Disclaimer: Same as Chapter 1. In Ayame's POV



Chapter 7. - Long Lost Friends, Unexpected Heroes





I couldn't feel anything around me, it was as if I was floating and I couldn’t even feel the soft caress of the clouds in the sky around me. My body was numb, and I didn’t even have the strength to open my eyelids. It was a struggle to breathe and it was my only sign of life… the one thing I could feel was pain. Pain meant that I was not dead. Lucky me I suppose. My energy started returning to me slowly, and my body stopped feeling numb. Instead it just felt tingly, like ants crawling up and down my skin. I had to fight the random shivers that ran through my body from that feeling.

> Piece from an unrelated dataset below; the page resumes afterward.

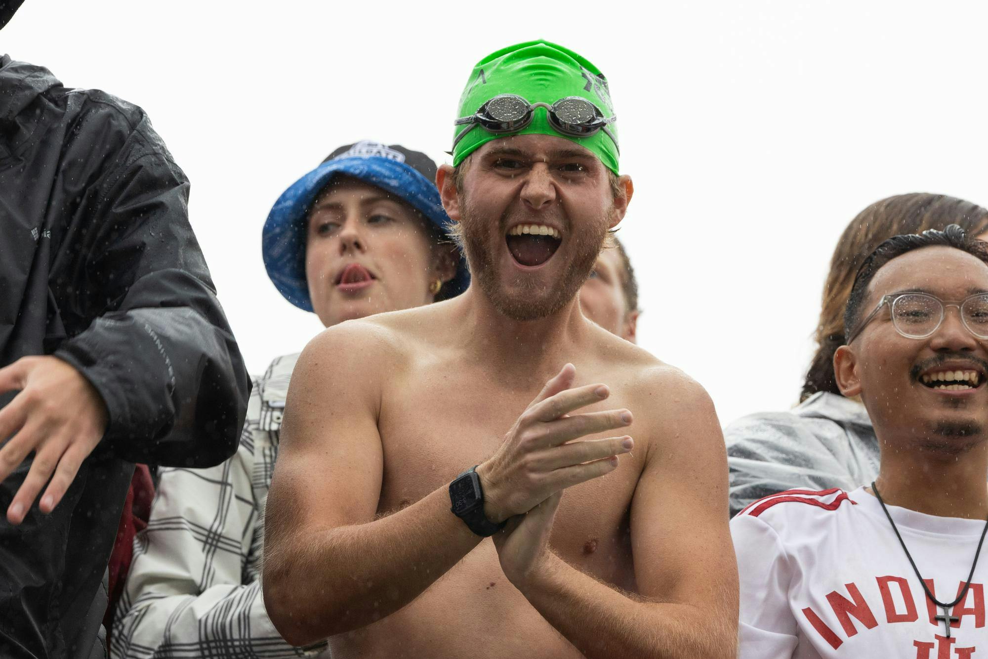 An Indiana fan plays cornhole Sept. 28, 2024, at the tailgating fields in Bloomington. Lots of fans at the tailgate fields brought ponchos and umbrellas to keep dry. An Indiana fan plays beersbee Sept. 28, 2024, at the tailgating fields in Bloomington. In his email to students, head football coach Curt Cignetti told students, "The tailgates can wait," encouraging students to come into the stadium and support the team. An IU fan holds an umbrella while tailgating Sept. 28, 2024, outisde Memorial Stadium in Bloomington. Fans still showed up to tailgate before the Indiana versus Maryland game despite the weather. The IU student section is seen at the IU versus Maryland game on Sept. 28, 2024, at Memorial Stadium in Bloomington. The student section was filled top to bottom by the third quarter of the game. IU fans cheer on the team during the IU versus Maryland game on Sept. 28, 2024, at Memorial Stadium in Bloomington. Head coach Curt Cignetti wrote a letter telling students, "If you need to study, that can wait too," trying to get more students to come support the team. The Indiana student section cheers on the Hoosiers in a game against Maryland on Sept. 28, 2024, at Memorial Stadium in Bloomington. The Hoosiers defeated the Terrapins 42-28. An IU fan holds up her baby Sept. 28, 2024, at Memorial Stadium in Bloomington. The fan was trying to get her baby on the big screen for the "Simba Cam." Hoosier fans cheer on the IU football team Sept. 28, 2024, at Memorial Stadium in Bloomington. After the Hoosiers won the game, head football coach Curt Cignetti sent another email to students thanking them for showing up and asking them to do the same the next time the team plays at home. An IU fan sings during the IU versus Maryland game on Sept. 28, 2024, at Memorial Stadium in Bloomington. The student was singing along to Journey's "Don't Stop Believin." IU fans record themselves celebrating IU's win over Maryland on Sept. 28, 2024, at Memorial Stadium in Bloomington. The student section was packed top to bottom until the game was over. IU fans yell into one the camera of one of their phones during the IU versus Maryland game on Sept. 28, 2024, at Memorial Stadium in Bloomington. Hoosier fans recorded themselves celebrating as the clock was winding down. The Indiana student section is pictured during the IU versus Maryland game on Sept. 28, 2024, at Memorial Stadium in Bloomington. "We need you there in the stands being loud for the first quarter," head coach Curt Cignetti said in his letter to students, "and most importantly, in the fourth." An IU student celebrates the Hoosiers win over Maryland on Sept. 28, 2024, at Memorial Stadium in Bloomington. IU students cheered "Hoosier Daddy" as Indiana gained the lead on Maryland. An IU fan wearing a swim cap and goggles celebrates Indiana's win over Maryland on Sept. 28, 2024, at Memorial Stadium in Bloomington. After the game, Indiana players ran over to the student section to high five the spectators.

I could feel my eyes opening, and slowly I was able to sit up with the support of my arms on either side of me. I swallowed a lump in my throat when I saw that I was still outside, but now it was dark outside. My first thought was to run… but where to? A strong hand fell onto my shoulder and I let out a terrified scream, whipping around and letting one of my arms go with the momentum. However, I didn’t strike anyone, or anything for that matter. Horrified, I glanced around me and I couldn’t help but jump when I found that Kouga was right behind me.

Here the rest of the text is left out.